Présentation du thème | Richesse sociale | Gestion des entreprises sociales | Finances solidaires | Sociologie et acteurs de l'économie sociale
 

Présentation du thème

Historiquement, le terme d'économie sociale apparaît au 19ème siècle en tant que réponse à la question sociale. En France, différentes écoles (libérale, chrétienne, socialiste...) proposent des solutions spécifiques à cette problématique unique : comment répartir la richesse ? Au siècle suivant, en revanche, l'économie sociale est plutôt perçue comme un ensemble de pratiques limitées à certaines organisations (coopératives, mutuelles, associations). Depuis, l'émergence de nouveaux acteurs et la multiplication des pratiques interpellent militants et théoriciens. Si ces derniers polémiquent sur les termes et les enjeux, ils s’accordent néanmoins sur un certain nombre de règles inhérentes à la pratique de l’économie sociale. Adhérer à une coopérative ou à une entreprise dite sociale, c'est promouvoir des valeurs propres, comme le primat de la personne sur le capital, ou le principe de lucrativité limitée.

Depuis leur apparition, les organisations de l'économie sociale ont démontré qu'elles résistaient et évoluaient en fonction des besoins sociaux. C'est autour de quatre principaux sujets interdisciplinaires que nous concentrons nos recherches dans le cadre de l'Axe Philosophie Economique du Centre Walras Pareto. Analyser l'impact de ces évolutions implique avant tout de s'interroger sur la richesse sociale et sur sa mesure : qu’est-ce qui est produit de plus que dans l'économie dominante? Comment en rendre compte dans la théorie économique standard et en terme d'innovation sociale ? Quelle mesure adopter lorsqu'il est question d'utilité sociale ? (Sujet 1 : Richesse sociale) Si les organisations de l'économie sociale sont différentes des entreprises capitalistes, comment se gèrent-elles au niveau des salariés ? Il y a donc un lien nouveau avec la gestion (Sujet 2 : La gestion des entreprises sociales). De plus, comment les organisations de l'économie sociale se financent-elles? Elles dépendent parfois de certaines subventions publiques et de dons. Elles font aussi appel à des établissements spécialisés qui revendiquent leur filiation avec les principes de l'économie sociale et solidaire. Qu'est-ce que les finances solidaires et le micro-crédit et quelles sont les problématiques soulevées ? (Sujet 3 : Les finances solidaires). Finalement, un quatrième thème se développe : qui sont au juste les acteurs de l'économie sociale et comment s'organisent-ils ? (Sujet 4 : Sociologie et acteurs de l'économie sociale)

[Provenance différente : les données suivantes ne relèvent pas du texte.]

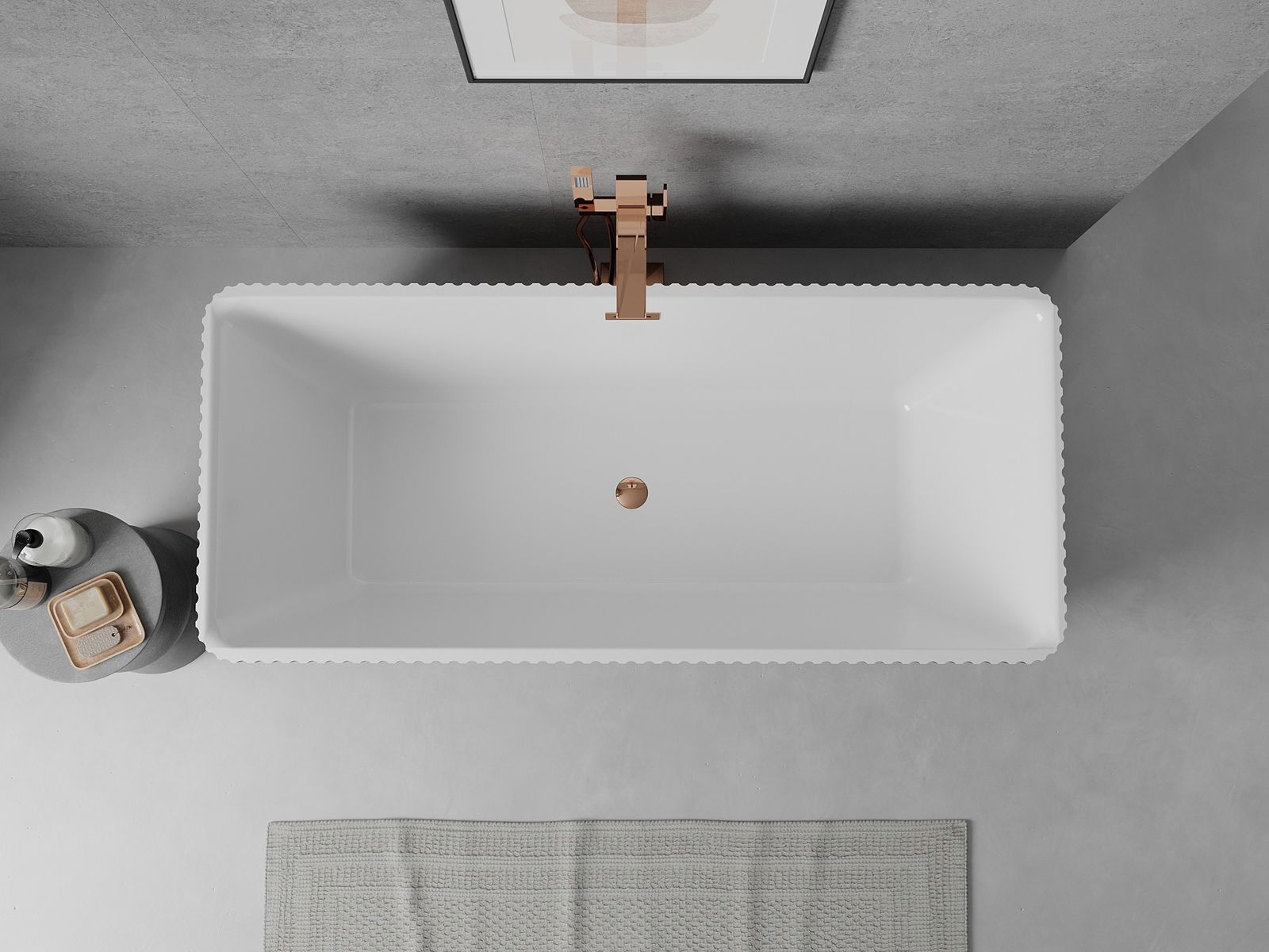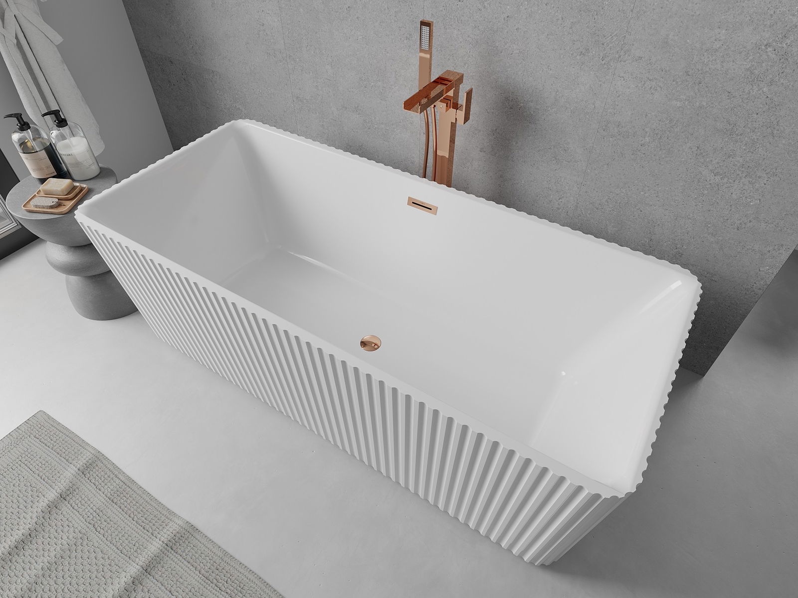 Mexen Nila freestanding fluted bathtub 170 x 75 cm, white, rose gold overflow - 52841708000-60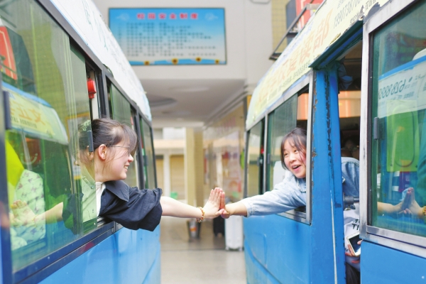 6月6日,双峰县第五中学,考生击掌鼓劲。当天,该县各中学的高考考生开始奔赴县城考点,参加7日的高考。 李建新 摄(湖南图片库)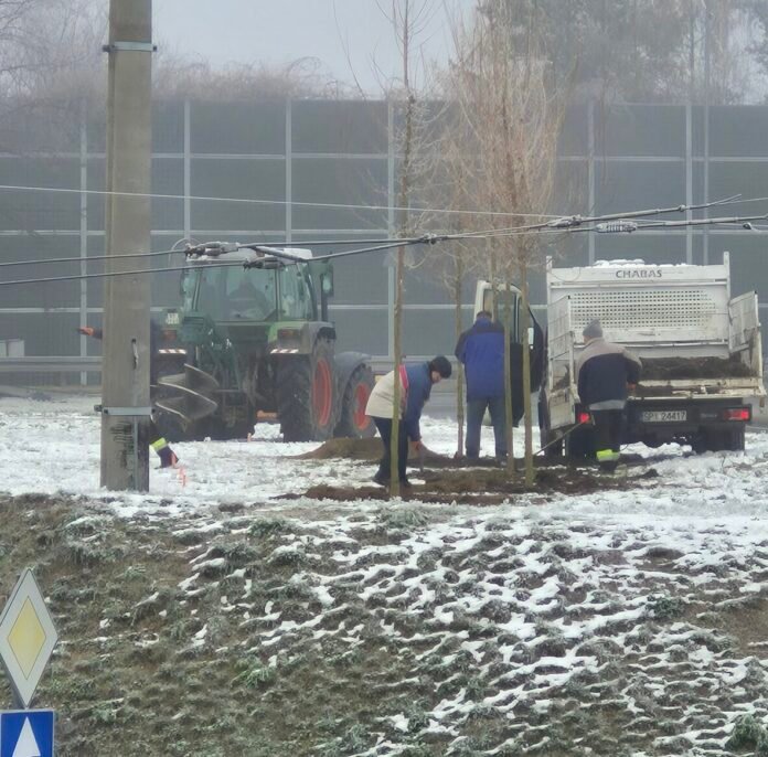 Mróz i śnieg, a w Tychach sadzili drzewa. Miasto tłumaczy sytuację. Chodzi o drzewa sadzone przy wyjeździe z ulicy Sikorskiego na DK1.

Numéro spécial de revue sur l'économie sociale et solidaire par les membres du Centre Walras-Pareto :
Baranzini Roberto et Swaton Sophie, mars 2012, "Économie sociale et solidaire : pratiques et perspectives théoriques", Revue économique et sociale, n°70.

Ouvrage des membres du Centre Walras-Pareto sur l'économie sociale et solidaire :
Swaton Sophie, mars 2011, Une entreprise peut-elle être "sociale" dans une économie de marché ?, La Question n°72, 96 p., De l'Hèbe.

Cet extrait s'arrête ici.